Когда на следующий день Даго Господин и Пестователь отправлялся в Познанию, все люди из Гнезда высыпали на улицы и на дорогу, чтобы поглядеть на его лицо. Ибо многие считали, что больше он уже не вернется.
Глава шестая
Целую зиму провел Даго у Дунинов в их могучей твердыне, выстроенной на Тумском Острове, посредине главного речища реки Варты. Двор у Дунинов был с двумя крыльями, весь из древесины лиственницы. Дворищн окружали валы из ящиков, такие же высокие, как в Гнезде, но рядом с крепостью на острове мог поместиться лишь небольшой посад. Так что мост на Варте соединял главное дворище с подградьем, построенным на берегу реки. Именно это подградье-посад сейчас сильно укрепляли, и только лишь первые морозы прервали земляные работы.
В саму крепость Даго смог завести только два десятка лестков и три десятка спицимировых воинов в черных плащах. Дунины оправдывались теснотой, и действительно: по домам и сараям под валами в страшной тесноте гнездилось более трех сотен прекрасно вооруженных воинов в синих кафтанах. Для потребностей Пестователя было отдано одно крыло дворища: там располагался он сам, Херим и Спицимир, а так же лестки и люди Спицимира. Во втором крыле поместилась челядь Пестователя, то есть первородные сыновья из наилучших родов полян. Пятеро Дунинов с женами и кучей детей пришлось удовлетвориться главной частью дворища. Остальные лестки и воины в черных плащах были размещены в посаде за рекой.
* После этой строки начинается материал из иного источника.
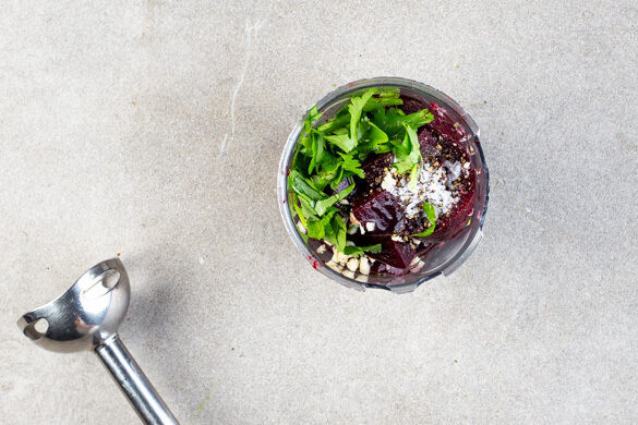 Die Rote Bete sowie den Koriander samt Stängeln grob schneiden. Da Rote Bete stark färbt, dabei am besten Küchenhandschuhe und Schürze tragen. Die Rote Bete, die 1/2 des Korianders und die 1/2 des Knoblauchs mit 1–2EL Olivenöl, 1EL Essig, 1TL Honig, 1–2TL (heißem) Wasser sowie je 1/2TL Salz und Pfeffer in ein hohes Gefäß geben und mit einem Stabmixer cremig pürieren.

Только лишь после прибытия в Познанию Даго понял, насколько могущественны были Дунины, которым подчинялось множество меньших городков и вёсок, вплоть до самого Края Вольных Людей. Уже сама крепость заставляла задуматься об их силе, и не без причин заставляли они себя называть комесами. Самых главных Дунинов было пятеро, а предводителем у них был самый старший возрастом — комес Дунин, которого называли Толстым, у него было целых семь жен и бесчисленное количество детей. Даго, который поначалу подсмеивался над комесом, во всем согласился с ним, чтобы показать свое дружеское отношение к хозяевам. «Комес Дунин», — только так обращался он к Дунину Толстому, а тот отвечал: «Пестователь Даго». Но причин для столкновений всегда было достаточно много, поскольку и в посаде, и в самой крепости раз за разом вспыхивали ссоры между воинами Пестователя и Дунинов; споры эти всегда примирялись кем-то из людей Спицимира в черных плащах или же кем-то из хозяев. Но если не считать этих ссор или даже небольших стычек между воинами, ни Даго, ни Херим, ни кто-либо из их ближайшего окружения не открыл, будто бы кто-то пытался посягнуть на их жизнь и волю: Дунин Толстый и не скрывал того, что раз сто мог бы отобрать жизнь у Пестователя, только не позволял ему так поступить древний обычай, заставляющий уважать гостя, делая того неприкасаемым.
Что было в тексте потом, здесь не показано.